The connection between consumers and producers is also weak. Since COVID, almost half of consumers in both advanced and developing economies place importance on buying local from their own markets.32 However, consumers don’t always know where their vegetables, clothes, or the critical materials in their mobile phones come from, weakening the link between them and producers. Labels on products can be inconsistent or misleading.33 As a result, the damage that climate change or other disruptions inflict on local communities in poorer countries is less visible to consumers.

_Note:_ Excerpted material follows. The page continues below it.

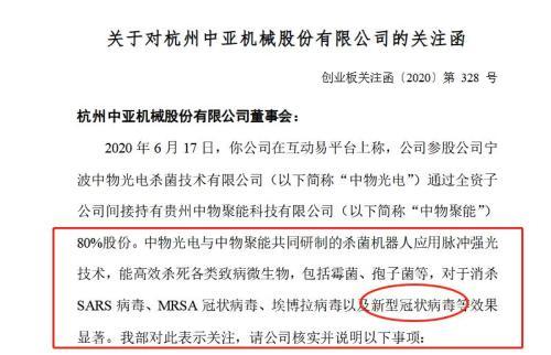 据深交所网站22日消息,中亚股份收到交易所关注函,深交所要求公司说明杀菌机器人对于消杀SARS病毒、MRSA冠状病毒、埃博拉病毒以及新型冠状病毒等效果显著的依据,是否经过相关检验验证,是否用于实践,该产品近三年的主要客户及销售收入。
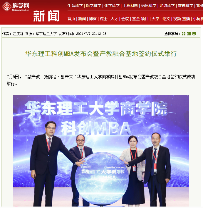 【科学网】华东理工科创MBA发布会暨产教融合基地签约仪式举行

Contributing to this disconnect is the fact that more than half of consumers everywhere are preoccupied with the rising cost of living, and for 81% of surveyed consumers price is the main consideration in purchase decisions.34

What if...

  • we make supply chains, that connect producers and consumers across the globe, drivers of resilient climate action and local sustainable development
  • by building innovative partnerships that co-invest and collaborate on solutions…
  • …to make critical logistics links in shared supply chains more resilient, while reducing emissions and improving sustainability…
  • …benefiting all stakeholders from communities to companies, countries and consumers.